Jackson was the league's MVP in 2003, 2007 and 2010 but for all the on-court success, other areas of her life were being neglected.
"I was fairly ignorant for a long time, just this athlete on cloud nine and doing what I loved, travelling the world," she said.
"It wasn't until things started unravelling in my basketball career in terms of the injuries that I really had to grow and take responsibility for my mental state.
"By 2008 to 2010, I was not myself, I was really struggling with a lot of stuff and that's when I made a conscious decision to go to university, find something else that I was really passionate about and start to educate myself because I was on a downward spiral.

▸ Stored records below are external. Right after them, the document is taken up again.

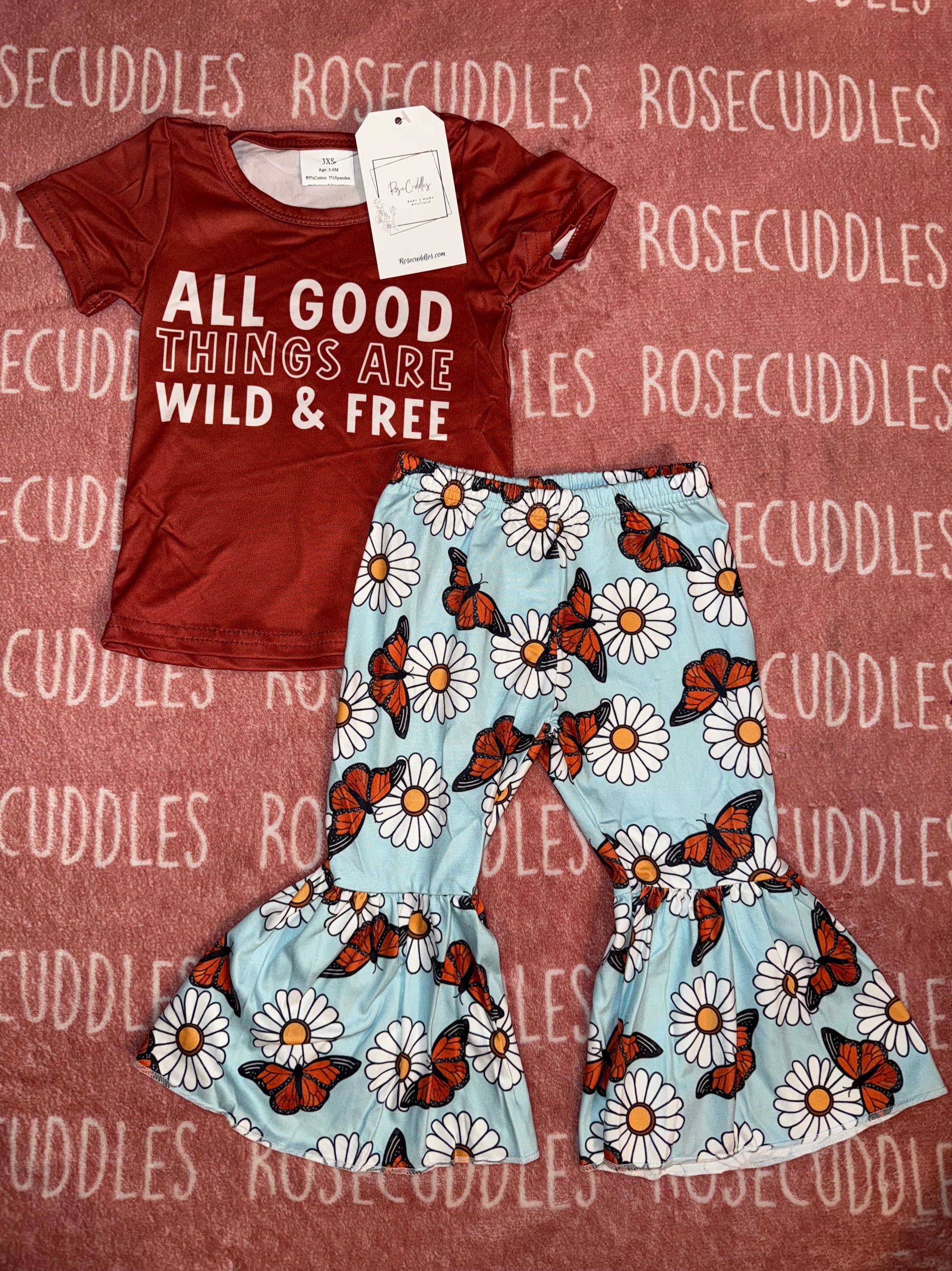 Crafted from a comfortable blend of 95% cotton and 5% spandex, the Wild & Free Butterfly Bellbottoms offer a perfect balance of softness and stretch. Designed to contour your silhouette while providing freedom of movement, these bellbottoms feature a distinctive butterfly pattern that adds a stylish, retro flair to your wardrobe. Ideal for those seeking both comfort and a bold statement, they effortlessly combine casual wear with unique visual appeal.
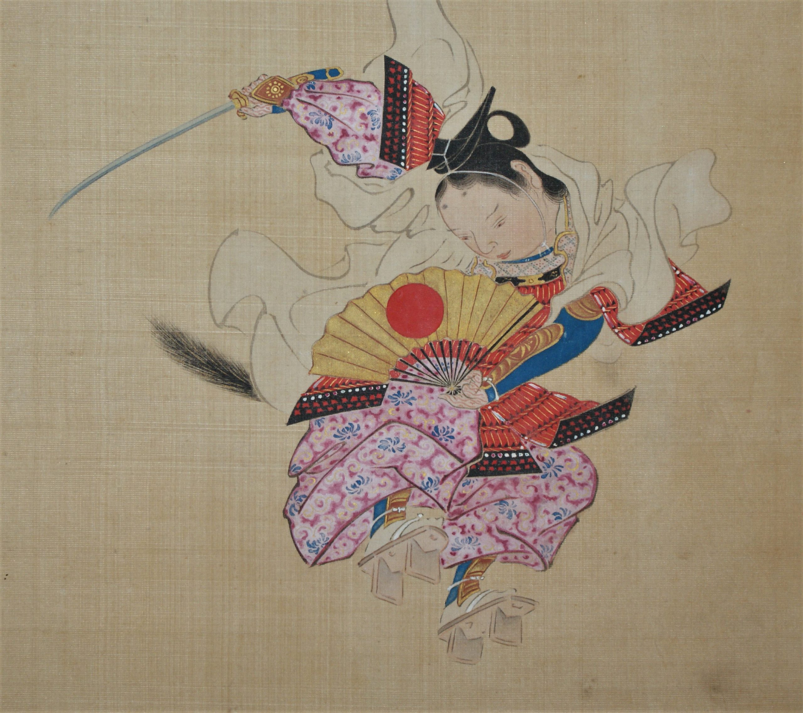 It depicts Ushiwakamaru (Yoshitsune) soaring high and light.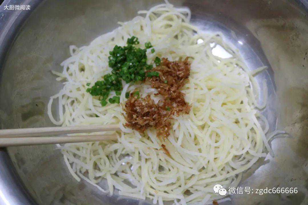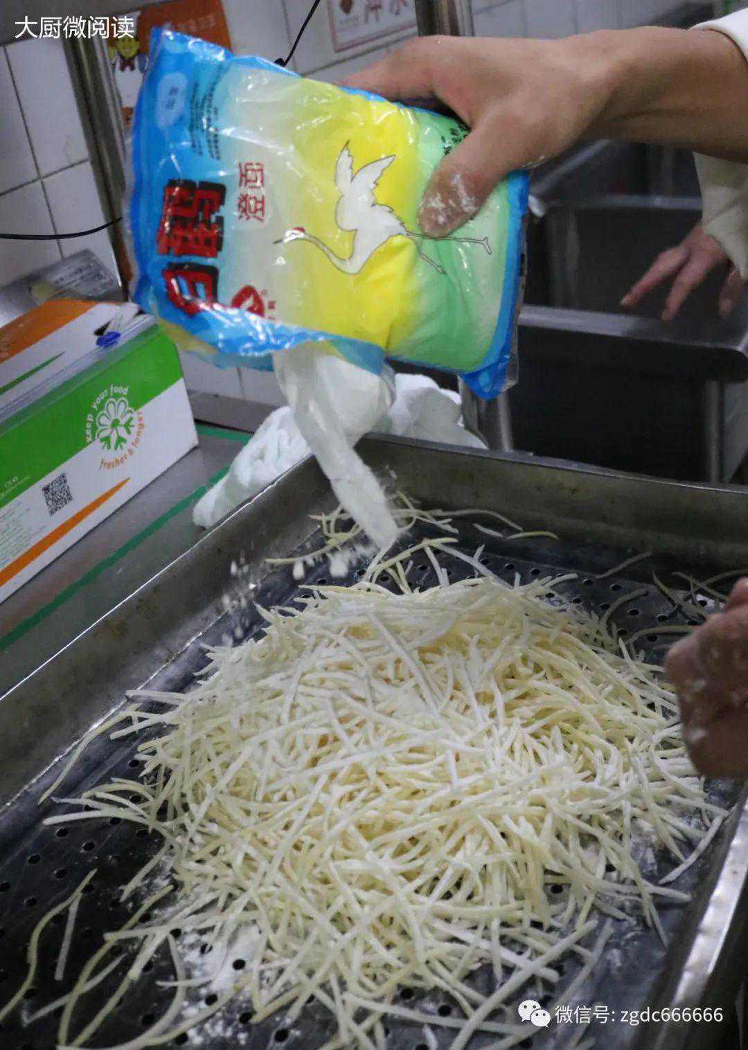 A:这就跟调肉馅要分次打水的道理相同。分两次添入澄面,通过蒸制,土豆丝能很好地将其吸收,成菜透亮不发黏,若是一次性拌入,口感较“厚”,且容易有生面味。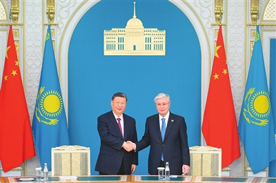 当地时间6月16日下午,哈萨克斯坦总统托卡耶夫同中国国家主席习近平在阿斯塔纳总统府举行会谈。会谈后,两国元首共同见证双方交换10余份双边合作文件。这是习近平同托卡耶夫握手。 新华社记者 李涛 摄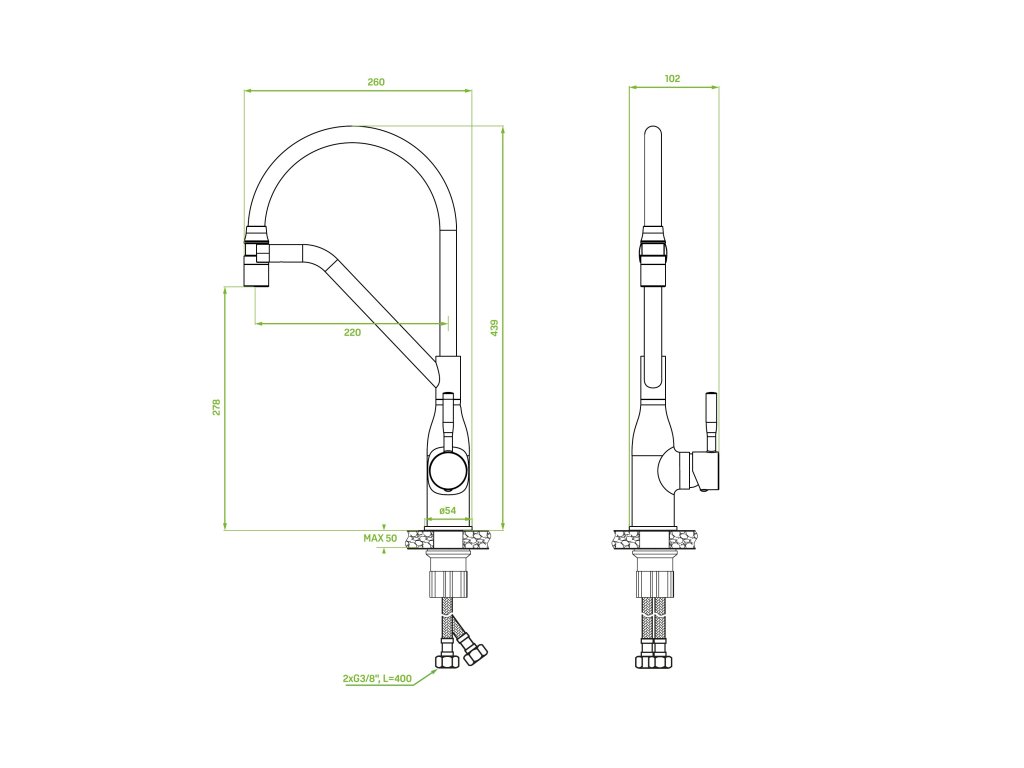 - délka připojovacích hadiček: 400 mm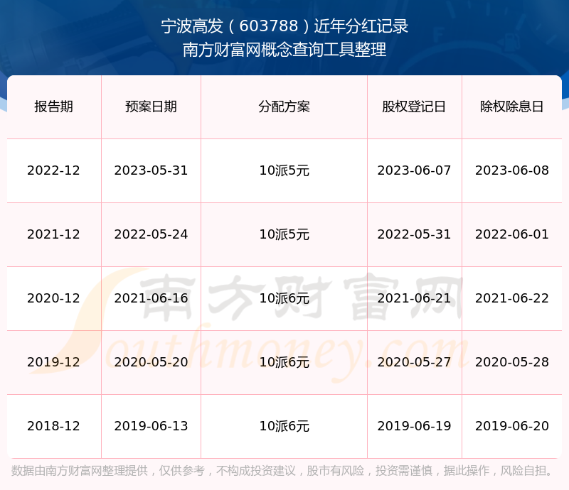 寧波高發(fā)歷年分紅派息情況如下表所示: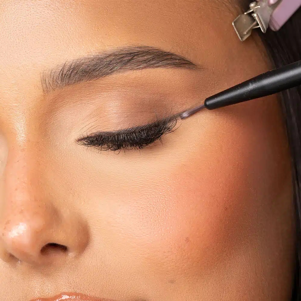 Trempez le pinceau dans l’eyeliner de votre choix et appliquez-le le long de la ligne des cils, en partant du coin interne et en allant vers l’extérieur pour créer un regard félin intense.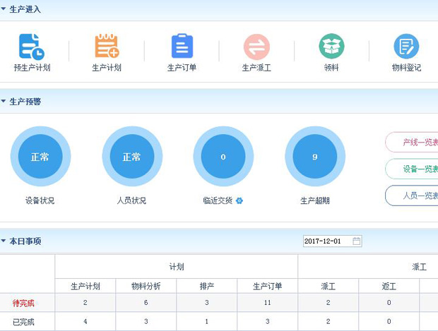 功能价值:智邦国际31.79版本新增生产工作台,让每个人瞬间拥有专属的生产助理,一个界面直观展示和实时监控生产相关常用单据、预警提醒、待办事宜、生产进度、人员状态、数据报表等,计划与实际实时对比,数据全部打通,单单关联,一查到底,生产管理游刃有余。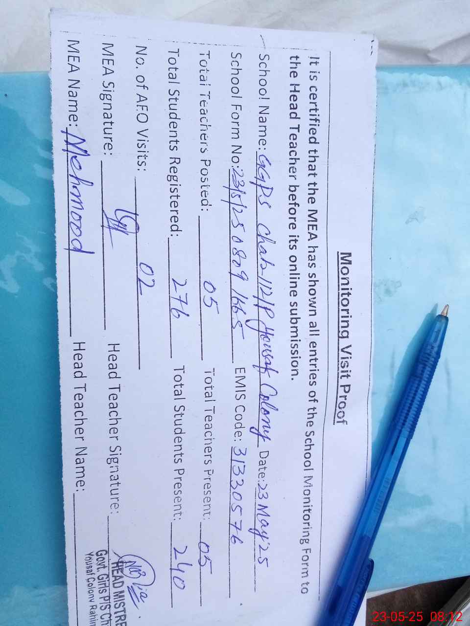 | Attendance Register | Head Teacher | MEA with School | Visit Proof |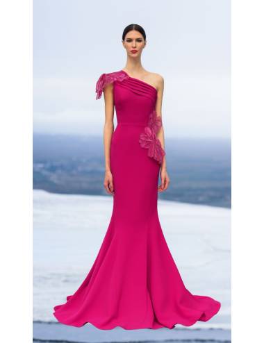 Un vestido largo y entallado que realza la silueta con elegancia y sofisticación. Este diseño cuenta con un corte asimétrico, dejando un hombro al descubierto y aportando un toque sensual y moderno. La manga única es larga y ajustada, estilizando el brazo . El detalle protagonista del vestido es una flor elaborada en el hombro cubierto, confeccionada con delicados pliegues que simulan pétalos y que desprende un colgante de tul etéreo. Un diseño perfecto para destacar en cualquier evento o celebracion.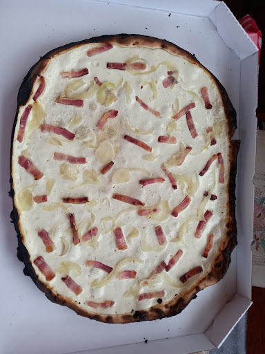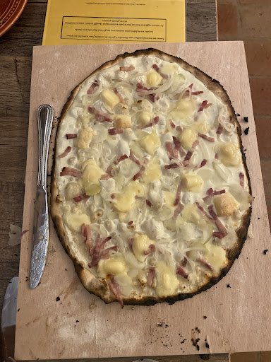 Par ou commencer... Apéritif normal. Nous demandons 1 petite pizza SAUCE TOMATE JAMBON GRUYÈRE sans champignons pour le petit de 7ans on nous ramène 1 PIZZA AVEC DES OLIVES NOIRE, BROCOLI POIVRONS ET PERSIL nous l'avons bien sur refuser chose qui ne leur a pas trop plu! Pour nous nous commandons une tarte flambée exclusivement de LARDONS SANS OIGNON impérativement, au bout de 10 minutes on nous ramène une TARTE FLAMBÉE MOITIÉ NATURE et MOITIÉ AVEC OIGNONS nous la refusons celle ci a été refaite ! Pour la deuxième tarte flambée nous demandons une forestière gratinée sans oignons la serveuse nous dit que chez eux ça s'appelle une gratinée champignon ! Je lui ai dit qu'elle chipotait un peu sur les mots elle me dit que non c'est comme ça au moment de nous ramener cette deuxième tarte flambée on se rend compte qu'il y a aussi de l'ail et du persil sur la tarte flambée chose que je n'ai jamais vu, nous ne mangeons même pas la moitié celle-ci étant énormément chargé d'ail du coup nous avons demandé une autre tarte flambée gratiné champignon sans ail sans persil sans oignon on nous ramène une tarte flambée juste avec des champignons et ils ont salé encore le dessus de la tarte flambée qui était alors presque in mangeable mais quel déception Les 2 serveuses complètement perdu avec 6 tables Desserts basic sans plus, café et l'adition 69e pour un repas juste raté du début à la fin Vraiment dommage parce la pâte faite maison est très bonne et le cadre et déco est très agréable Donc à éviter dans la...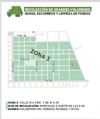 Se comunica a los Sr/a vecinos de ZONA 3 , que en el día de HOY pueden sacar RAMAS, ESCOMBROS, LIMPIEZA DE FONDOS.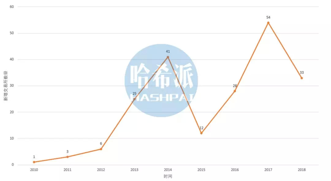历年支持比特币的新增交易所数量(数据源自:Coinmarketcap)

"I had to pull myself out of it, you have to, because nobody else is going to do it for you.
"My biggest growth spurt would have been between 2010 and 2015.
"I had to go through a lot then and that was when I really started to take ownership and be accountable to the people I loved, not focus so much on myself because my career was almost over anyway.
"It was about my behaviour. I had to take accountability because my parents had sacrificed so much for me over the years just to make sure I was OK.
"My brother was often left at home, going 'Where are my parents? They're over with my sister' so I had to re-evaluate the way I was treating people close to me.
"Being a professional athlete becomes so insular. It's all about you, getting your body right, making sure you're in the right frame of mind to win games and you forget the bigger picture.
"I forgot the bigger picture for a period of time but it's made me a lot more resilient and it's made me the person I am today."
Jackson's life has come full circle as she's now raising her two sons in Albury - so why did the superstar who played professionally in four continents choose to return to the Border?
"It's the community, the people, the ease of getting around town, everything. I love being able to spend time in Dean Street, I love being able to go out to Lavi Square and get my chicken.
"I think Albury's the best place in the world.
"I often have moments where I feel so overwhelmed with emotion because I'm so lucky to be back here with my family and the people I love most.
"My cousins, aunties and uncles are all here and I love that I can see them when I want.
"I love that I run into old school teachers down the road, it's beautiful.
"I just think it's a magic place and I can't imagine why anyone wouldn't want to live here.